This subproject is one of many research subprojects utilizing the resources provided by a Center grant funded by NIH/NCRR. Primary support for the subproject and the subproject's principal investigator may have been provided by other sources, including other NIH sources. The Total Cost listed for the subproject likely represents the estimated amount of Center infrastructure utilized by the subproject, not direct funding provided by the NCRR grant to the subproject or subproject staff. Pathogenesis of Epstein-Barr Virus Infection The overall goal of our research is to better understand the pathogenesis of Epstein-Barr virus (EBV) infection in order to develop therapies that can reduce, control, or prevent EBV-associated diseases. EBNA-1 is an EBV protein important for the maintenance of the virus episome. EBNA-1 is expressed in all phases of EBV infection, is one of only a few viral genes expressed by infected B cells circulating in the blood of persistently infected hosts, and is the gene most consistently expressed in EBV associated malignancies.
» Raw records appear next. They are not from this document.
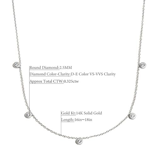 Caratant 14k Solid Gold Diamond Solitaire Station Necklace Series,No fading, No allergies, Non gold-plating,Lab grown Diamond, DEF VS~VVS,Lobster buckle (Five-Stone Necklace (White))
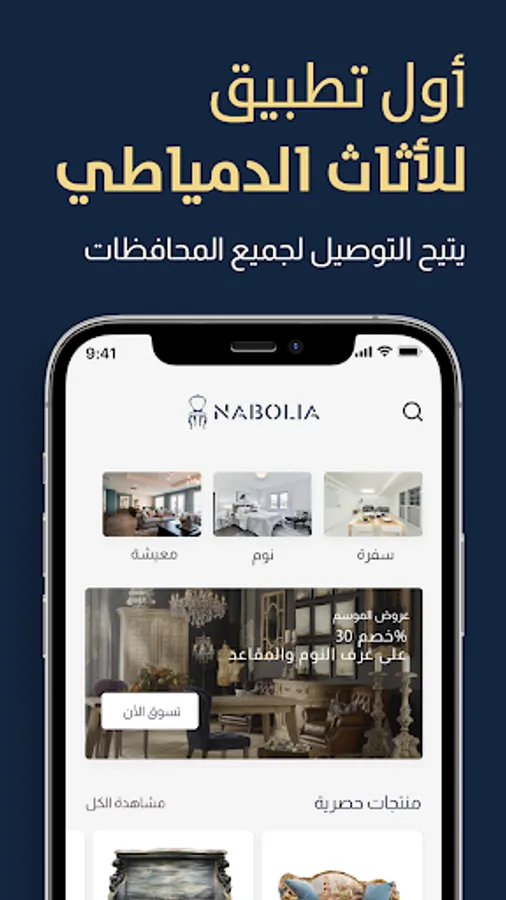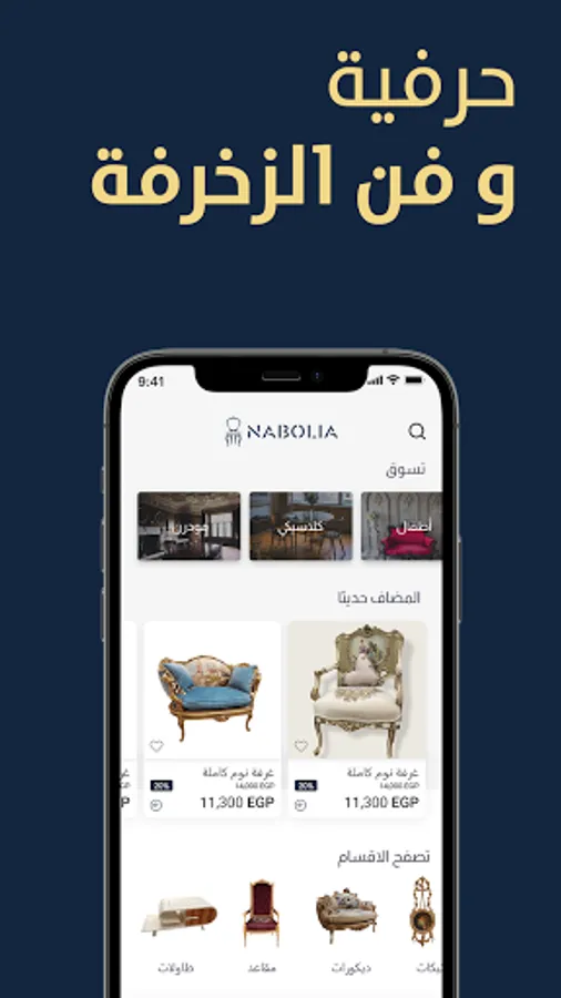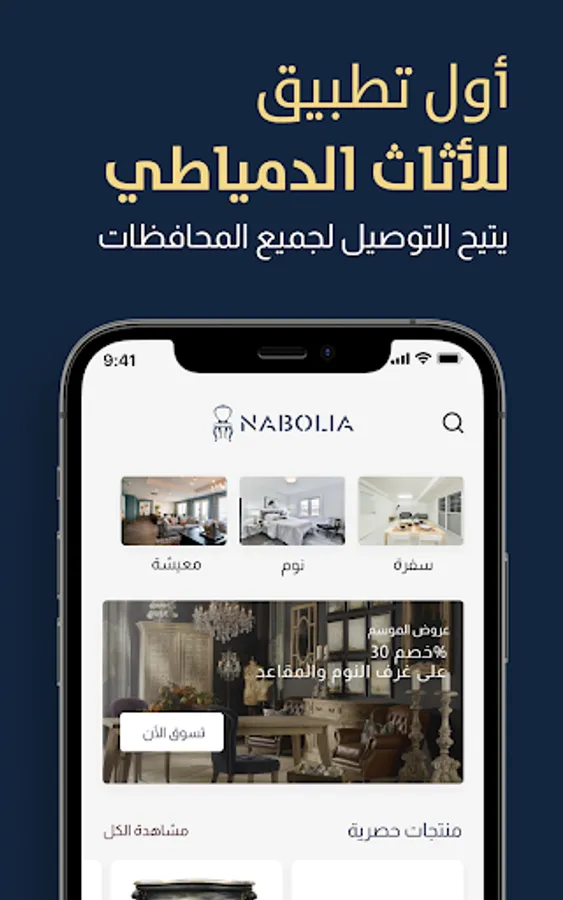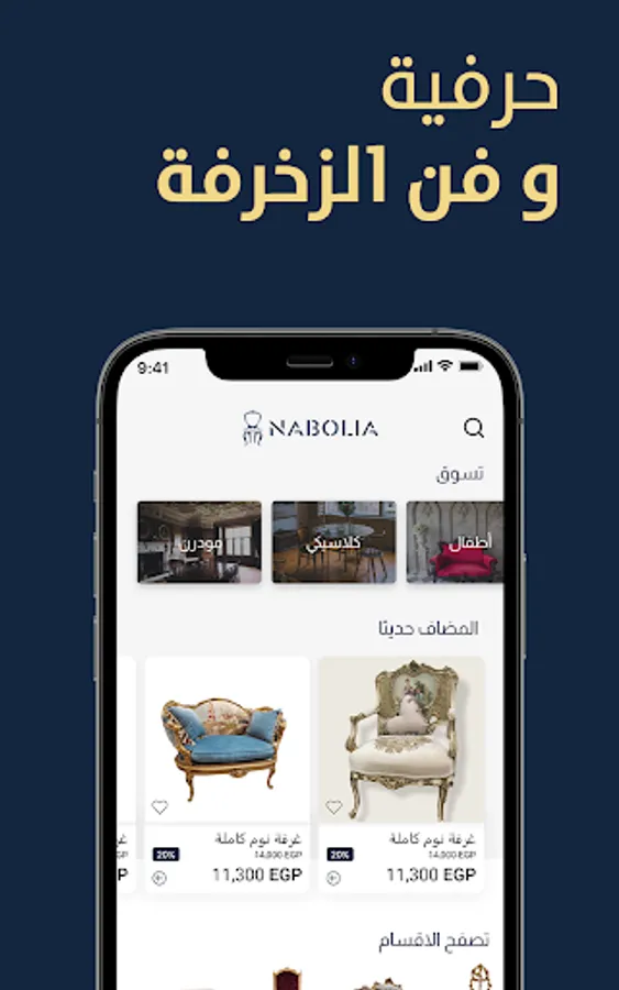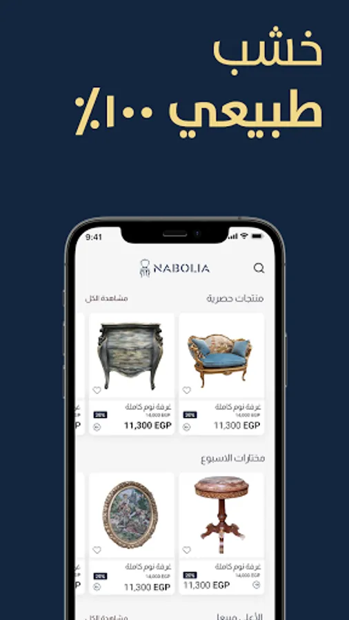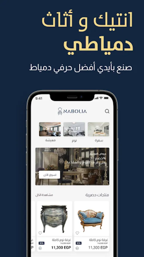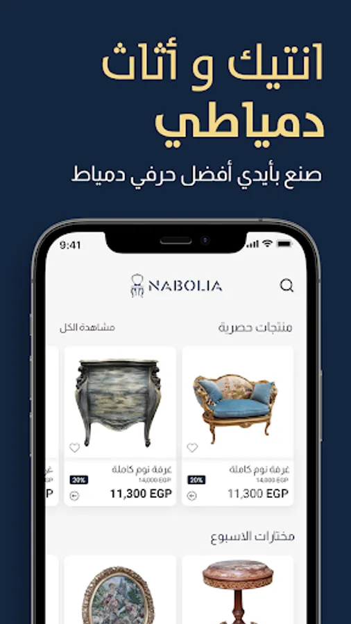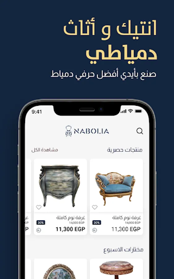 Nabolia App Provides you with all furniture and antique pieces From Damietta. All Products are handcrafted by a unique selection of Damietta craftsmen to offer the best quality and price for the Egyptian product.
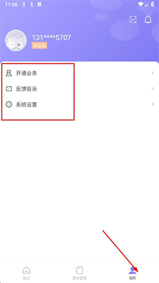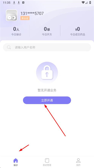 1、在我的頁面點擊開通業(yè)務,在接診頁面開展接診、開方等業(yè)務,查看今日接診人數(shù)等數(shù)據(jù)。
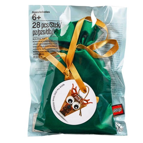 LEGO Christmas Tree Ornament i grøn satinpose.
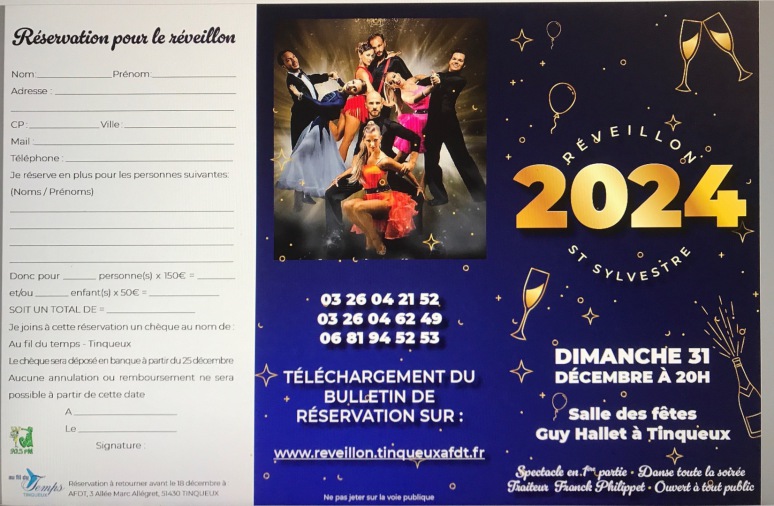 Samedi 31 décembre : Réveillon de la Saint-Sylvestre à la Salle des Fêtes.
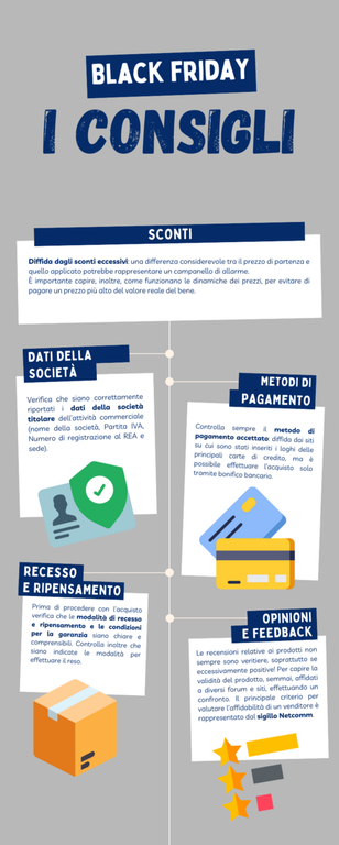 Il Black Friday, tuttavia, non è solo occasione di acquisti a prezzo scontato e caccia agli affari, ma può nascondere numerose insidie. Sono gli acquisti online a riservare il maggior numero di rischi e per questo è utile tenere a mente, prima e al momento dell’acquisto, alcune accortezze utili ad evitare truffe e inconvenienti.
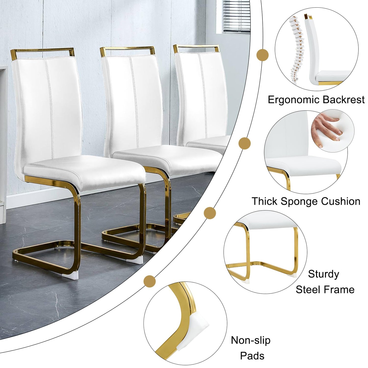 - Elegant Armless White Dining Chairs Set of 4:The white high-back dining chairs conform to ergonomic standards and features, offering comfort and elegance while effectively alleviating the fatigue of prolonged seating. The C-shaped gold chrome metal frame adds sturdiness
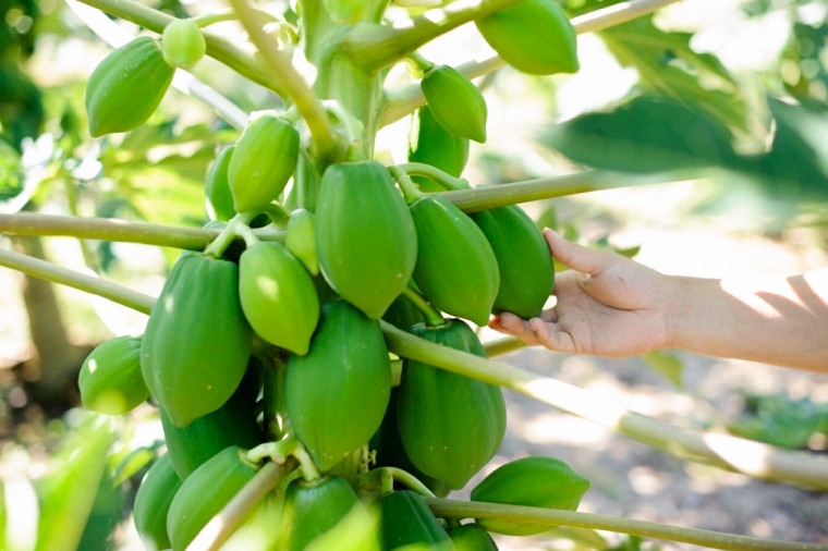 鹿嶋市で唯一の青パパイヤを育てている増古農園。広大な農園にはたくさんの青パパイヤがすずなりになって実っています。
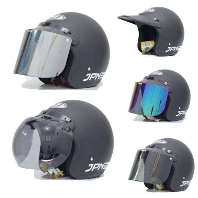 HELM JPN Hitam Doff HELMET MOTOR BOGO RETRO POLOS PRIA WANITA PAKET KACA DATAR FLAT VISOR
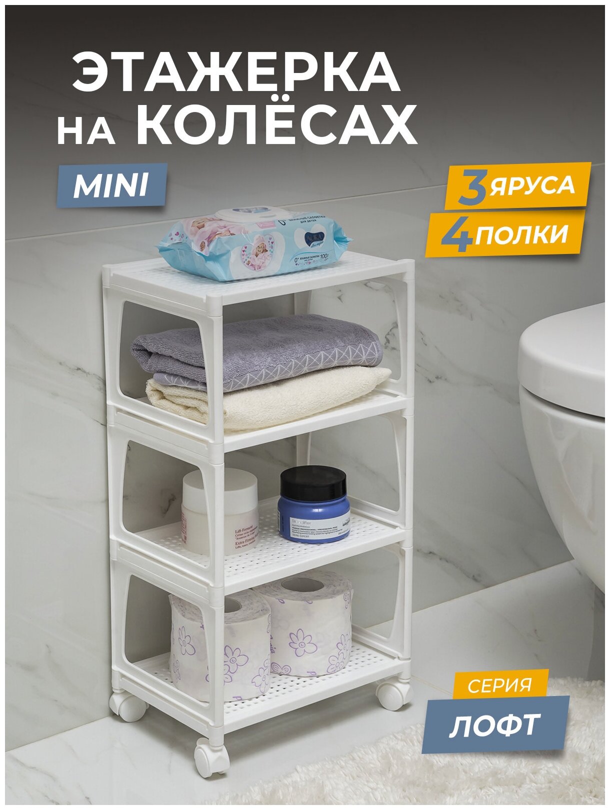 Этажерка для хранения на колесах маленькая Лофт Mini, цвет белый

EBNA-1 specific cytotoxic T cells are present in persistently EBV infected individuals, but these T cells are unable to effectively kill EBV infected cells due in part to an inhibitory effect of the EBNA-1 glycine-alanine repeat (GAR) domain that prevents appropriate processing and presentation of EBNA-1 peptides to T cells. This application focuses on the importance of EBNA-1 for persistent EBV infection, the importance of EBNA-1 immune evasion for persistent infection, and the possibility of manipulating the EBNA-1 immune response as a therapeutic tool against EBV-associated malignancies. AIDS related.

National Institute of Health (NIH)
National Center for Research Resources (NCRR)
Primate Research Center Grants (P51)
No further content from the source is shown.